What to produce: Reproduce the listing word for word, leaving every picture behind.

Supplied data:
%%

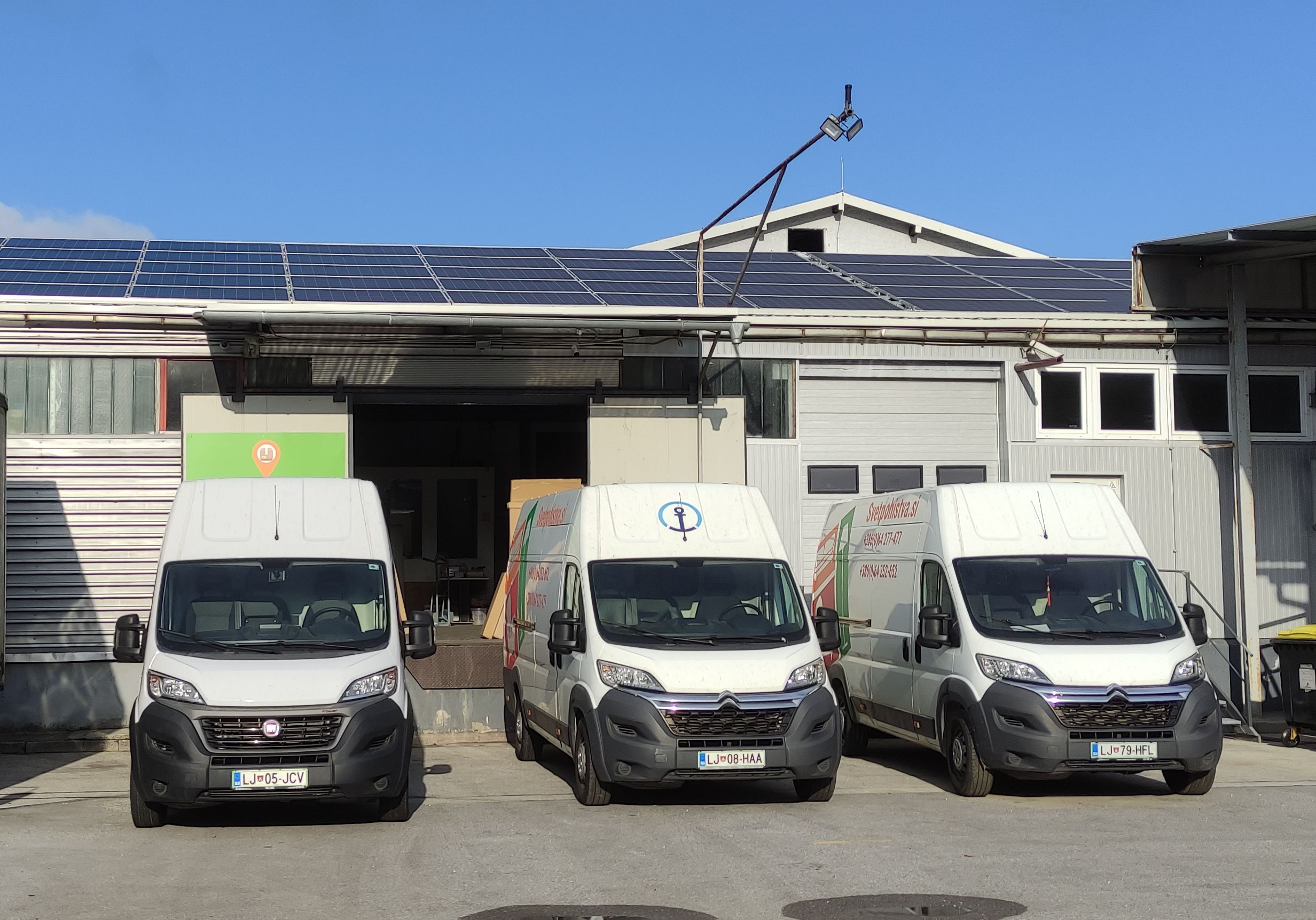 Das Lager befindet sich auf der Rückseite des Gebäudes Elma Črnuče. Unsere Rampe ist die vorletzte auf der rechten Seite, neben der Firma Europap.
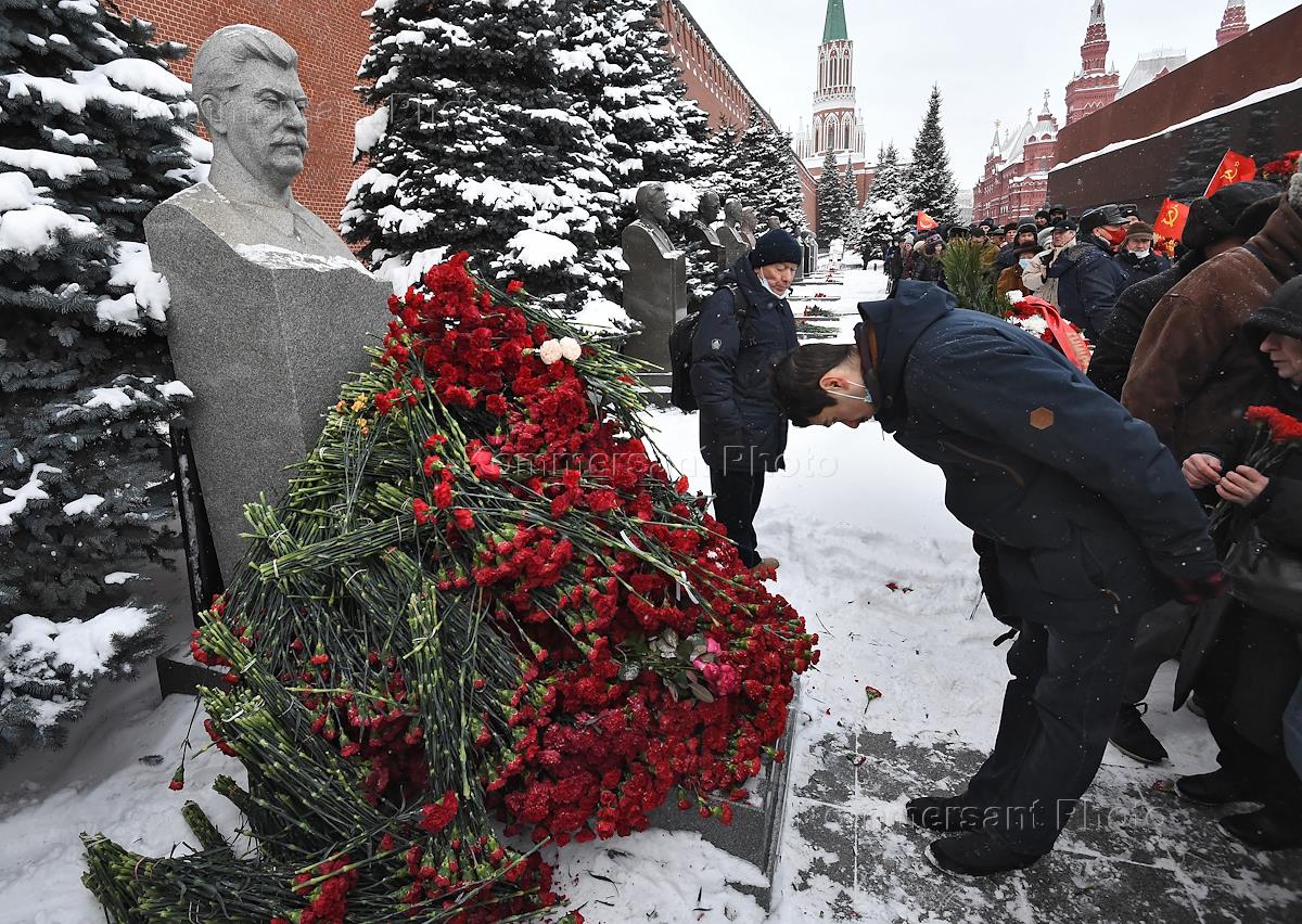 Церемония возложения венков и цветов к могиле главы правительства СССР и генерального секретаря ЦК ВКП Иосифа Сталина у Кремлевской стены в день его 142-летия, организованная КПРФ. Участники во время церемонии.
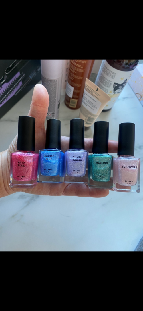 Direkt när jag såg detta kitet med fem lack, så tänkte jag: åh, vad fina! 🤩 Jag har inte direkt stor erfarenhet av lykos lack. Men jag vet nu att det blir absolut inte sista gången, som jag kommer köpa lykos lack. Angelcore fick jag tyvärr ingen bild på, då jag glömde fota det tidigare i veckan. Men det är rätt likt Yumme kawaii, fast lite mindre rosa/lila. Utan nästan mer silver. Jag har på fotona målat tre lager av alla lack. Penseln är bred, men inte för bred. Det gick jättesmidigt att måla pga penseln bredd. Lacket täcker inte 100%-igt vid tre lager, men jag tycker det blir fint ändå. ☺️ Man kan säkert lägga på ett fjärde lager, om man vill. Jag upplever att lacken är lite mer slittåligt än essence-lack, som jag använt mig mycket av. Detta är ett mycket prisvärt kit. Och det är som sagt inte sista gången jag kommer köpa lykos lack. #lykoreview

%%

Solution to this task:
 Das Lager befindet sich auf der Rückseite des Gebäudes Elma Črnuče. Unsere Rampe ist die vorletzte auf der rechten Seite, neben der Firma Europap.
 Церемония возложения венков и цветов к могиле главы правительства СССР и генерального секретаря ЦК ВКП Иосифа Сталина у Кремлевской стены в день его 142-летия, организованная КПРФ. Участники во время церемонии.
 Direkt när jag såg detta kitet med fem lack, så tänkte jag: åh, vad fina! 🤩 Jag har inte direkt stor erfarenhet av lykos lack. Men jag vet nu att det blir absolut inte sista gången, som jag kommer köpa lykos lack. Angelcore fick jag tyvärr ingen bild på, då jag glömde fota det tidigare i veckan. Men det är rätt likt Yumme kawaii, fast lite mindre rosa/lila. Utan nästan mer silver. Jag har på fotona målat tre lager av alla lack. Penseln är bred, men inte för bred. Det gick jättesmidigt att måla pga penseln bredd. Lacket täcker inte 100%-igt vid tre lager, men jag tycker det blir fint ändå. ☺️ Man kan säkert lägga på ett fjärde lager, om man vill. Jag upplever att lacken är lite mer slittåligt än essence-lack, som jag använt mig mycket av. Detta är ett mycket prisvärt kit. Och det är som sagt inte sista gången jag kommer köpa lykos lack. #lykoreview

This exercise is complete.